Interleukin-1 beta (IL-1β) is similar in structure and function to IL-1α, and both proteins are encoded by genes located on chromosome 2 and act through binding to the type 1 IL-1 receptor (IL-1R1) to elicit proinflammatory responses [74]. In response to stimuli, including DAMPs or PAMPs, IL-1β is secreted by immune cells including monocytes and macrophages [75]. IL-1β is a Th1 cytokine but is also associated with Th17 responses [76]. Existing data suggests that IL-1β is typically present at low concentrations in maternal serum during healthy pregnancy with fewer studies detecting concentrations above 10 pg/mL [24, 41, 51, 7779]. A study showed that IL-1β is significantly higher in maternal serum within the second and third trimesters compared to the first [51], while others indicate that IL-1β significantly decreases between the first and third trimester [36, 37]. In contrast, there is also data supporting no significant change in maternal serum IL-1β concentrations across various time points of healthy pregnancy [43, 56]. Such conflicting results may be explained by difficulty in detecting significant changes in IL-1β because of its short half-life in circulation [75, 80].

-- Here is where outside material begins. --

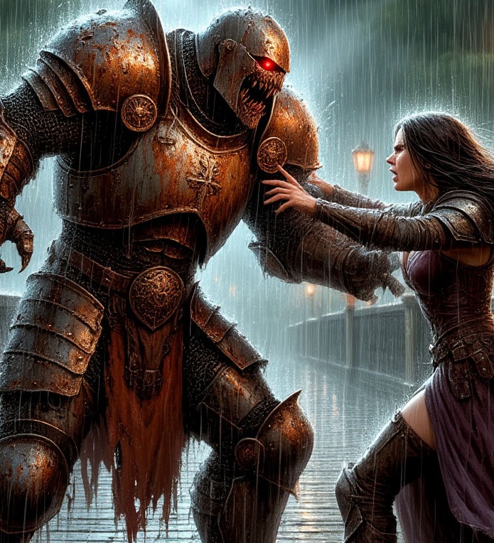 Был ли это рыцарь?! Непременно да. Но что с ним стало! Плесень с ржавчиной облепила благородный клинок и сияющие латы, из под коих выпирали нечеловеческого вида поросшие шерстью части тела с необычайно большими мышцами. Кое-где торчали обломанные стрелы. Виднелись грозные шрамы. И столь близкие сердцу девушки потускневшие алые глаза в забрале грязного шлема, что источали лишь безумие. Нельзя описать словами, что за боль и отчаяние пронзило Марию. Ведь это был её рыцарь. Она вскрикнула, когда увидела того самого якобы «монстра», и не спеша двинулась к нему. Шагнула на мост. Медведь тут же ухватил девушку зубами за шиворот, но мгновенно получил хлёсткий удар по носу и магический порыв ветра заставил его кубарём откатиться прочь. Мария пошла вперёд. Очнулся и рыцарь, оторвав затуманенный взгляд от бушующей реки. Он сдвинулся с места навстречу непрошенной гостьи с единственной нескрываемой целью, обхватив уродливой рукой рукоять меча. Воин шёл биться.

The proinflammatory cytokine, interleukin-2 (IL-2), acts by binding to the IL-2R, influencing T lymphocyte differentiation into effector and memory T cells as well as regulatory T cells which are important for preventing autoimmunity [81]. Evidence suggests that there is a significant reduction in maternal serum IL-2 concentrations between the first and third trimester of healthy pregnancy [36, 37]. The existing data on maternal serum IL-2 concentrations is limited and may be owing to difficulty in detecting the cytokine in healthy pregnancy as studies have noted concentrations below the lower limit of detection (<LLOD) [25, 66, 82]. IL-2 does not appear to be present at high concentrations in healthy pregnancy but is elevated in women who develop complications including preeclampsia [83] which is discussed in more detail later in this review.

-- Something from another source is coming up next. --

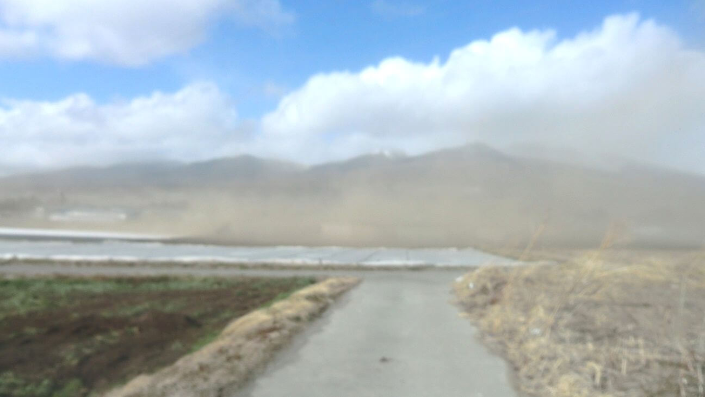 こんな強風と砂埃が、時々ではなく終始吹き荒れているという状況です!

The inflammatory chemokine, interleukin-8 (IL-8), signals through binding CXCR1 and CXCR2 to promote recruitment of immune cells such as neutrophils and macrophages to sites of inflammation [84]. IL-8 mediates angiogenesis in vitro [85] which is an important process in pregnancy for fetal development [86]. In healthy pregnancy, IL-8 has been shown to decrease with gestational age during the first half of pregnancy [43] but significantly increase between the second and third trimesters [38]. Another study found higher, albeit nonsignificant, concentrations in the third trimester compared to the second trimester [56]. These changes in IL-8 concentrations may reflect the Th1/Th2 cytokine shift, indicating reduced proinflammatory responses in the second trimester, but the immune profile returns to more proinflammatory responses towards the end of pregnancy. Meanwhile, a study found that IL-8 significantly decreased between the first and third trimesters of healthy pregnancy [36]. While most research has detected significant changes, a smaller study reported no change between the first and third trimesters [37] which may indicate a lack of power within the study design.

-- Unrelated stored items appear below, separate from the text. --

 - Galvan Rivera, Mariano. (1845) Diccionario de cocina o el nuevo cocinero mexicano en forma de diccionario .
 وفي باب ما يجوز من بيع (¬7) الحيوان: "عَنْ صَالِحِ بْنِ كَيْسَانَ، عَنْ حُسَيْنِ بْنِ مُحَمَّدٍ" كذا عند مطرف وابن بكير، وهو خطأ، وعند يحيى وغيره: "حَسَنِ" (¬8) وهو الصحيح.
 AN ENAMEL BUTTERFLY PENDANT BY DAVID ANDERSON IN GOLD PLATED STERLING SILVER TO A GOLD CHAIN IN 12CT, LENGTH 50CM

IL-12 is a proinflammatory cytokine important in regulating both innate and adaptive immune responses including the differentiation of Th1 cells [87]. Thus, IL-12 plays an important role in the regulation of Th1 immune responses. The IL-12 cytokine consists of two subunits (p35 and p40) encoded by separate genes on chromosomes 3 (IL-12A) and 5 (IL-12B), respectively, and the resulting biologically active heterodimer is IL-12p70 [88]. A significant reduction in maternal serum IL-12 concentrations has been observed between the first and third trimesters of healthy pregnancy [36, 37]. IL-12p70 concentrations are similar between the first and second trimesters [43] and second and third trimesters [66]. Therefore, IL-12 may be lower in the third trimester compared to the first, but because of limited data as no study measured IL-12 within all three trimesters of healthy pregnancy, specific changes are not well understood.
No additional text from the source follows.